[Information supplied]
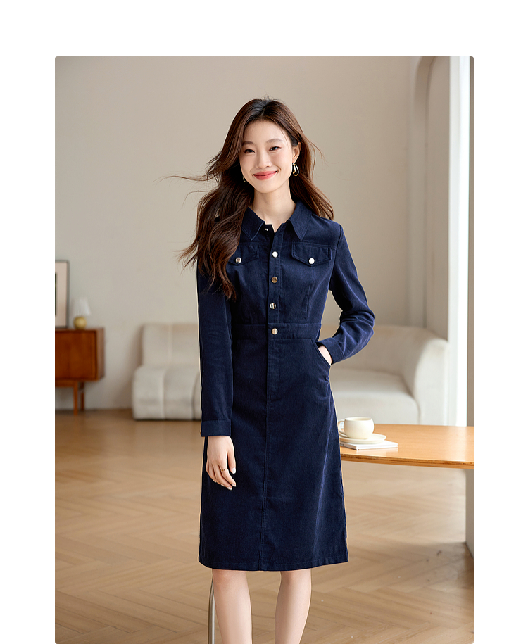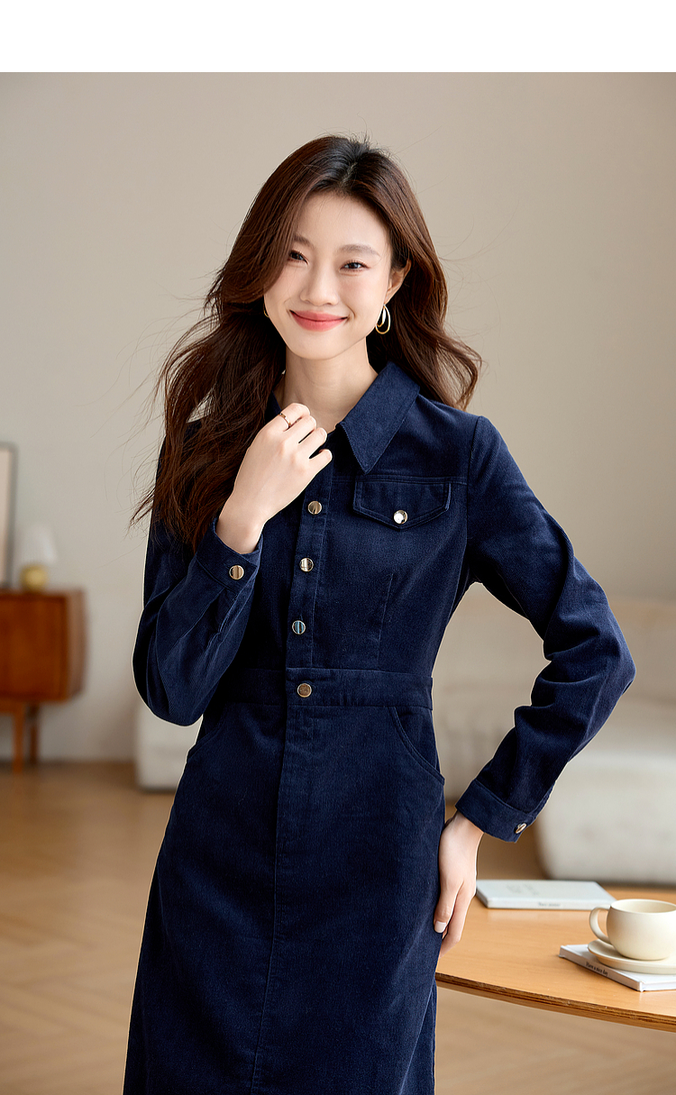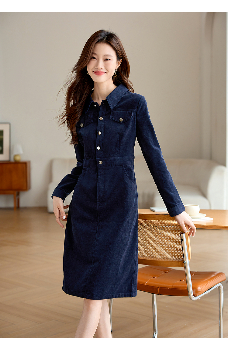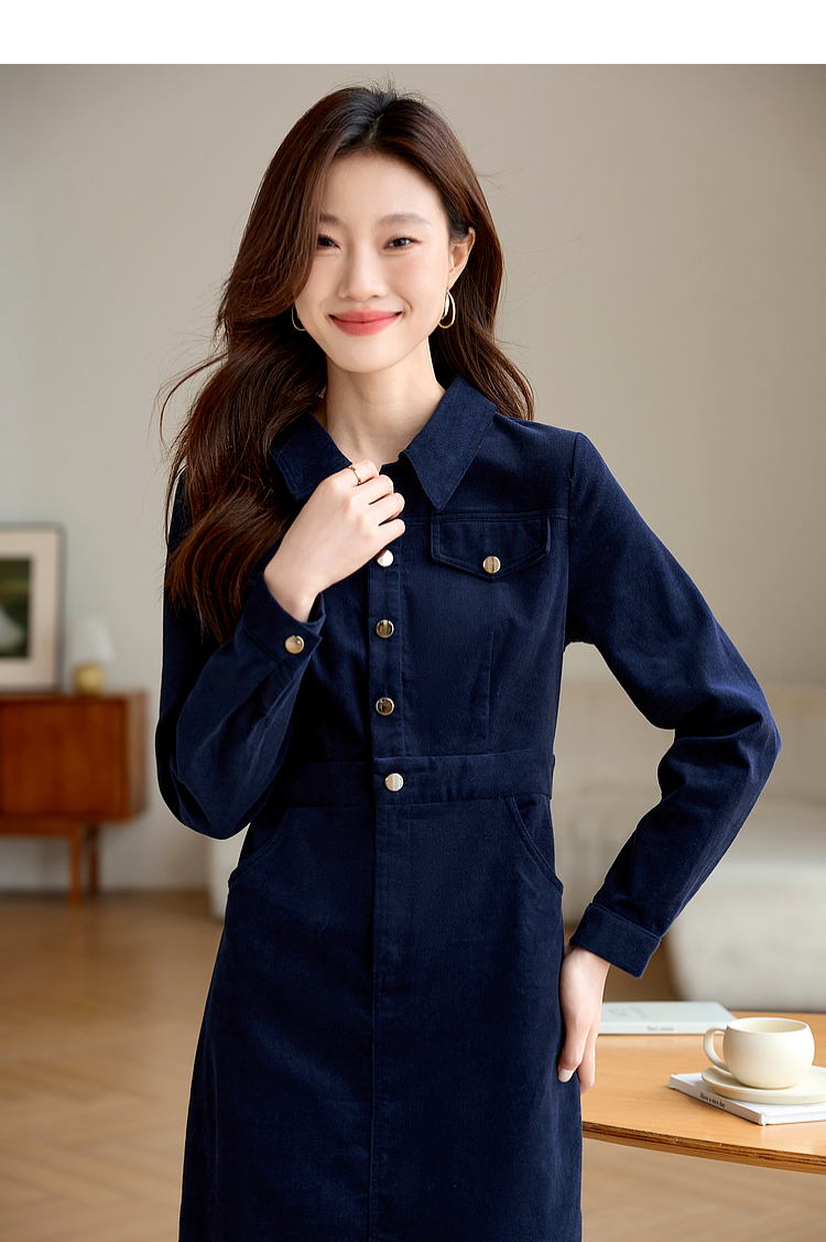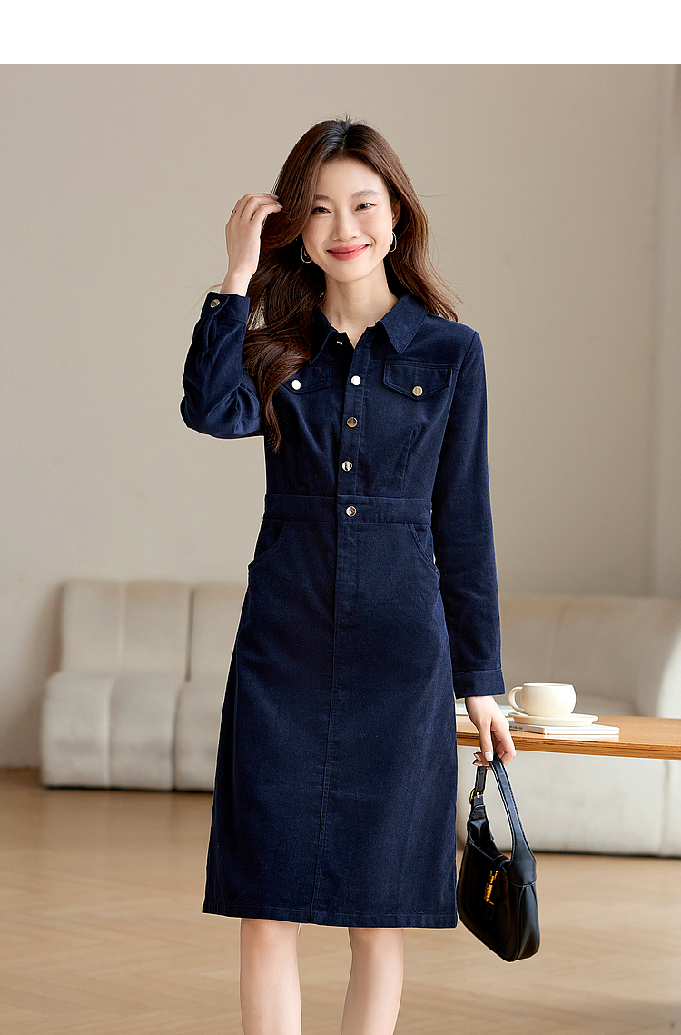 【专属特价】熙世界工装风灯芯绒连衣裙秋冬通勤高级感加厚衬衫裙子2025新款
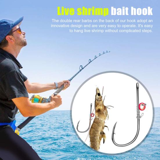 Innovative Double Rear Barbs: Experience convenience with the unique design of double rear barbs on our hooks. Effortlessly hang live shrimp without intricate steps, enhancing your fishing experience with simplicity and efficiency.
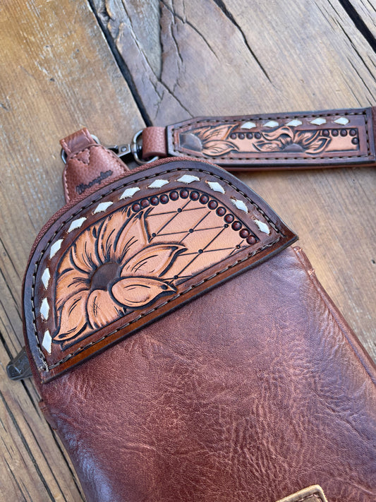Small sling crossbody bag - brown with
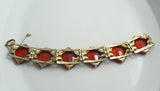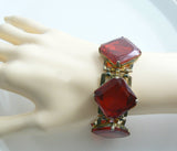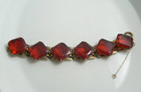 Red Square Cut Glass Art Deco Bracelet. Gold tone with large red square cut glass stones. Measures 7 1/2" in length. The O rings and safety chain are not original to the piece. Beautiful Art Deco Bracelet.

[Work instructions] Repeat the listing above up to and including the line with "Small sling crossbody bag - brown with", starting from its first line. Drop any pictures.

[Your solution]
 【专属特价】熙世界工装风灯芯绒连衣裙秋冬通勤高级感加厚衬衫裙子2025新款
 Innovative Double Rear Barbs: Experience convenience with the unique design of double rear barbs on our hooks. Effortlessly hang live shrimp without intricate steps, enhancing your fishing experience with simplicity and efficiency.
Small sling crossbody bag - brown with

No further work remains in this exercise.